Suasana hangat Kota Bangkok mendadak tegang ketika gelombang massa berkumpul di depan Kedutaan Besar Israel pada Kamis sore. Berbekal spanduk berukuran besar dan pengeras suara, para demonstran menyampaikan desakan keras kepada pemerintah Thailand agar memperketat pengawasan terhadap kepemilikan serta transaksi properti oleh warga negara asing. Aksi ini menjadi cerminan dari meningkatnya kekhawatiran publik lokal atas pergeseran kepemilikan aset strategis nasional di tengah eskalasi dinamika global.
Para pengunjuk rasa yang terdiri dari gabungan elemen masyarakat sipil, aktivis agraria, dan warga lokal menyuarakan keresahan mereka terkait maraknya penguasaan lahan secara tidak langsung. Mereka menilai bahwa lonjakan investasi asing di sektor real estat—terutama yang melibatkan warga asing di kawasan wisata utama dan pusat bisnis—berpotensi mengikis akses warga lokal terhadap hunian terjangkau serta mengancam kedaulatan ekonomi negara.
Gelombang Kekecewaan dan Isu Celah Hukum Properti
Dalam aksinya, orator menggarisbawahi indikasi penggunaan celah hukum melalui struktur perusahaan cangkang (*nominee companies*) untuk menguasai tanah dan bangunan secara ilegal. Berdasarkan aturan hukum di Thailand, warga negara asing secara umum dilarang memiliki tanah atas nama pribadi secara langsung. Namun, skema kepemilikan saham mayoritas atas nama warga lokal yang sejatinya dikendalikan modal asing kerap menjadi pintu belakang yang merugikan.
"Kami tidak menolak investasi, tetapi kami menolak penguasaan aset tanah kami secara gelap. Pemerintah harus bertindak tegas memeriksa setiap kepemilikan properti bernilai jumbo yang mencurigakan," ujar salah seorang koordinator aksi di tengah riuhnya kerumunan massa.
Keresahan warga kian memuncak dalam beberapa bulan terakhir menyusul laporan mengenai maraknya akuisisi properti mewah di kawasan pesisir seperti Phuket, Koh Samui, hingga pusat kota Bangkok. Lonjakan ini tidak hanya memicu kenaikan harga tanah hingga 30-40 persen di beberapa titik strategis, tetapi juga menciptakan ketimpangan sosial yang nyata antara penduduk lokal dan pemodal asing.
Implikasi Geopolitik dan Pengawasan Investasi
Pemilihan lokasi aksi di depan Kedutaan Besar Israel bukanlah tanpa alasan.

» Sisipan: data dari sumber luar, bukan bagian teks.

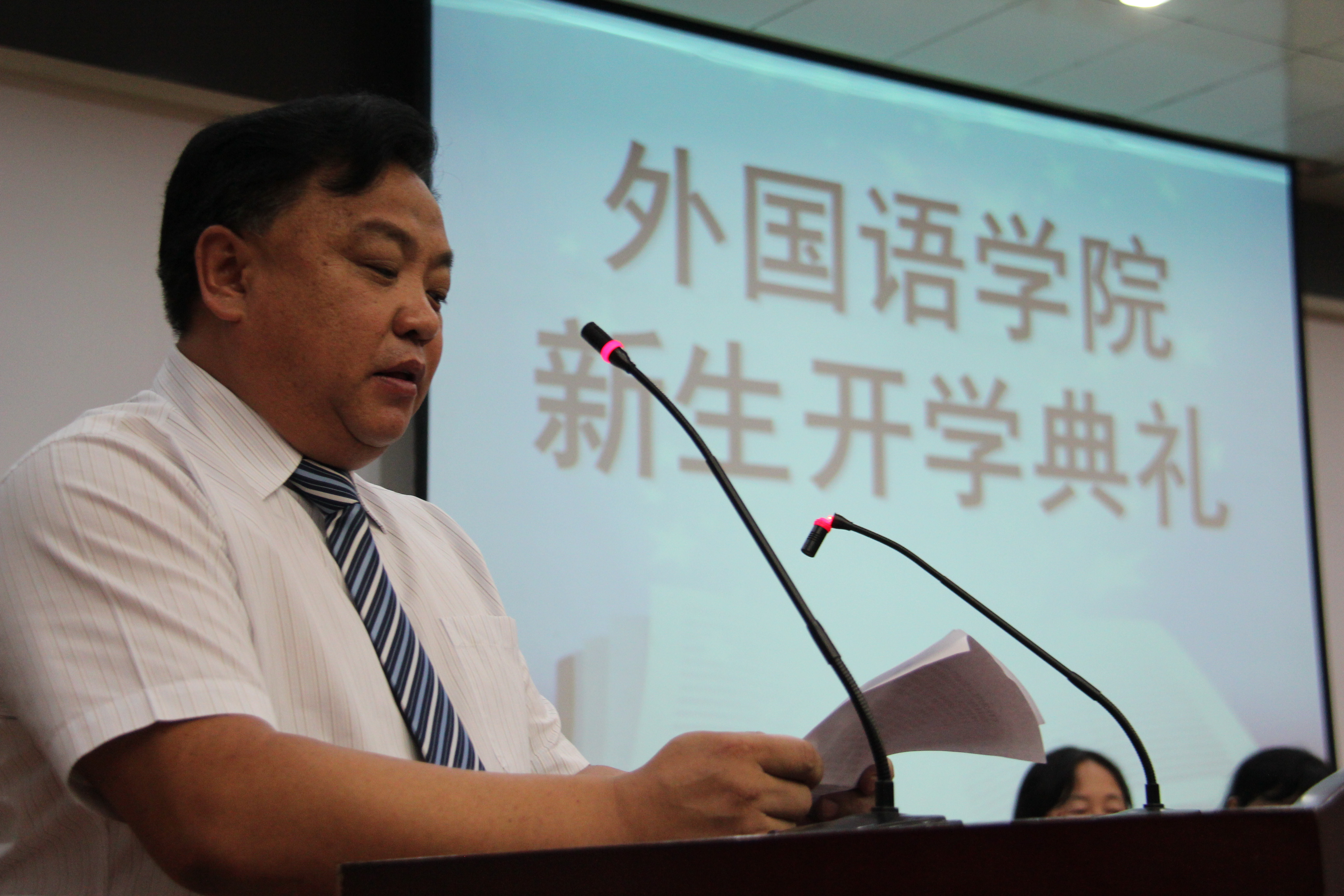 9月12日下午,太阳成集团122ccvip在开发区学术报告厅为全体2013级267名新生举行庄严的开学典礼。公司党政领导、全体教师以及2013级全体新生齐聚典礼。开学典礼现场突显太阳成集团122ccvip特色,除了现场悬挂英语、意大利语、日语等语言的欢迎条幅营造氛围以外,还采用了汉英双语主持。
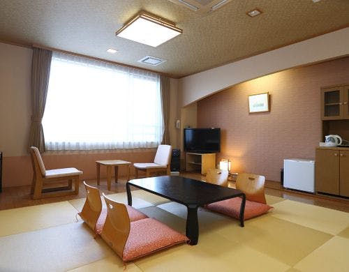 見晴らしの良い高台に位置する公共の宿。夜になるとライトアップされる青の洞窟温泉は、美しい夜景とともに幻想的。
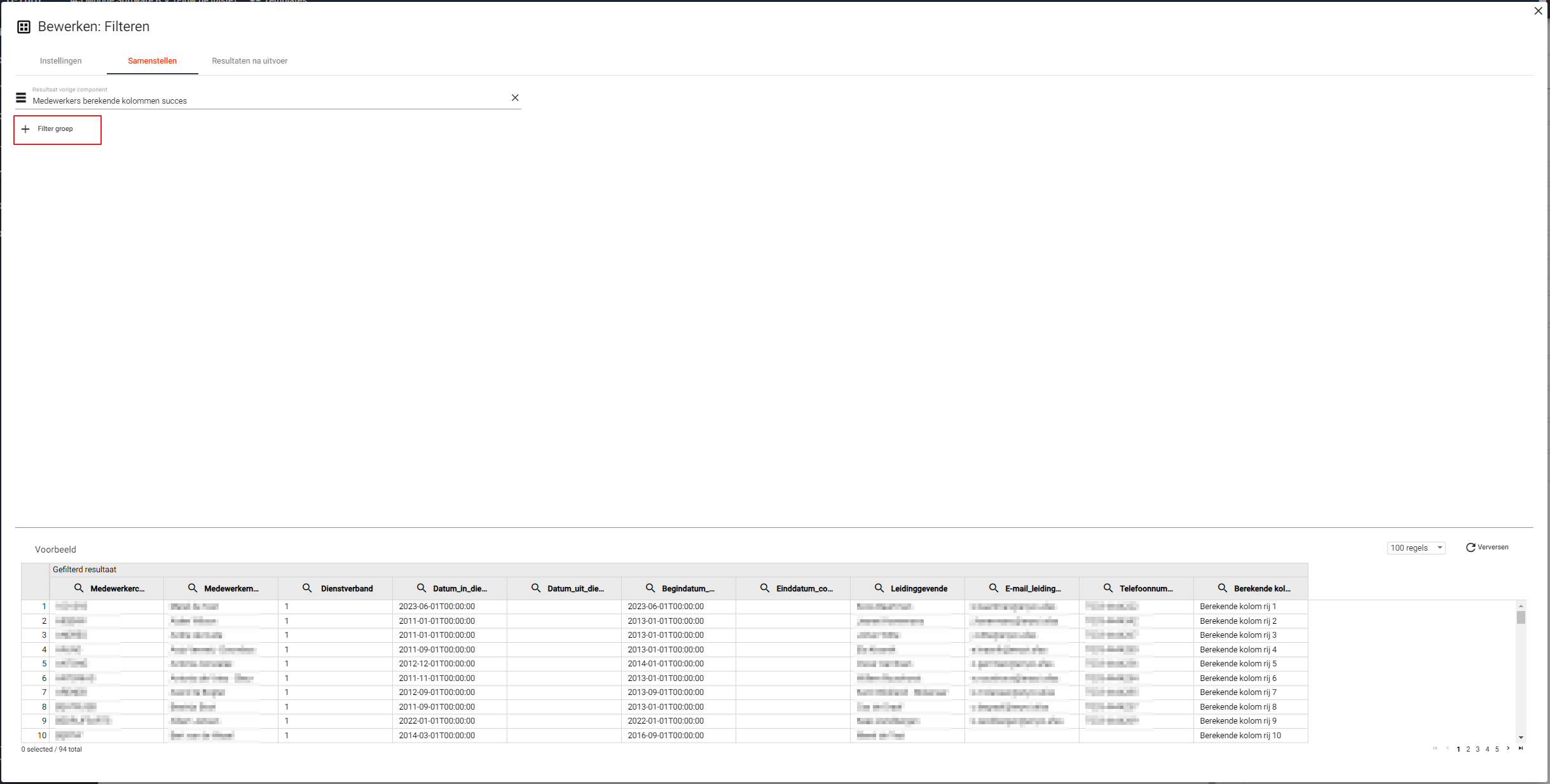 Wanneer de dataset geselecteerd is zal in het onderste gedeelte van het scherm de dataset weergegeven worden, en maak je met de knop ‘+ Filter groep’ een nieuwe filtergroep en filter aan.
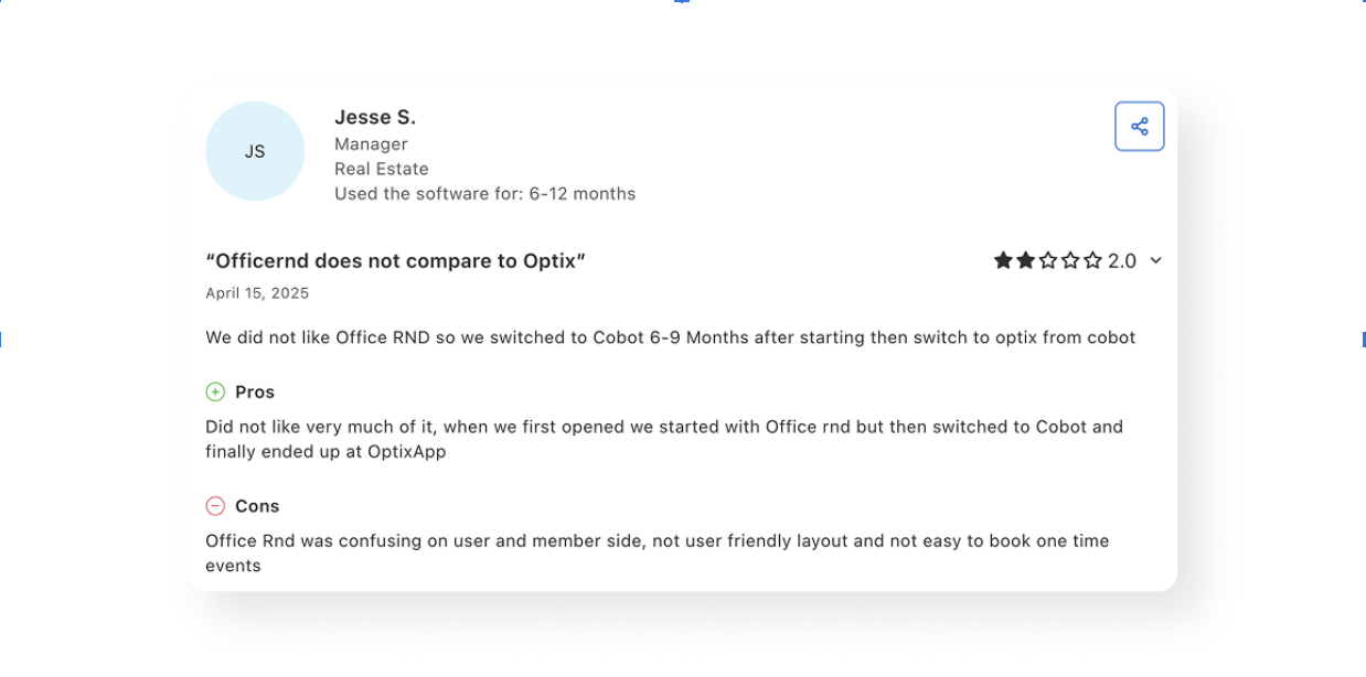 Optix’s commitment to user experience and top rated support makes them a good alternative for OfficeRnD users who are looking for a more modern and easy-to-use platform.

Selain menyoroti persoalan domestik terkait regulasi tanah, aksi ini juga membawa pesan geopolitik. Massa menilai transparansi arus modal asing dari wilayah konflik perlu diawasi ketat guna mencegah dampak destabilisasi ekonomi domestik. "Krisis geopolitik dunia tidak boleh dijadikan alasan untuk mengalihkan aset secara tidak sah ke negara kami tanpa pengawasan ketat," tegas seorang analis ekonomi politik lokal yang memantau jalannya demonstrasi.
Berikut adalah perbandingan ringkasan regulasi properti saat ini dengan tuntutan yang diajukan para demonstran:
| Aspek Regulasi | Kondisi Hukum Saat Ini | Tuntutan Demonstran |
|---|---|---|
| Kepemilikan Tanah | Asing dilarang langsung (maksimal sewa 30 tahun). | Moratorium dan audit total izin sewa jangka panjang. |
| Pengawasan Nominee | Pemeriksaan verifikasi masih terbatas. | Sanksi pidana berat bagi WN Thailand yang jadi nominee. |
| Kepemilikan Kondominium | Kuota asing maksimal 49 persen dari total unit. | Penurunan kuota asing menjadi maksimal 30 persen. |
Desakan Reformasi Agraria ke Parlemen Thailand
Aksi yang berlangsung tertib namun dijaga ketat oleh aparat kepolisian Bangkok ini diakhiri dengan penyerahan berkas tuntutan kepada perwakilan pemerintah. Para pengunjuk rasa mendesak Parlemen Thailand untuk segera membentuk tim investigasi independen guna melacak aset-aset properti yang diduga melanggar undang-undang kepemilikan tanah.
Jika desakan ini tidak mendapat respon konkret dalam waktu dekat, massa mengancam akan menggelar konsolidasi yang lebih besar di depan gedung DPR Thailand. Isu penguasaan properti asing kini telah berkembang dari sekadar perdebatan bisnis menjadi ujian serius bagi kedaulatan hukum dan stabilitas ekonomi sosial negara Beruang Putih tersebut.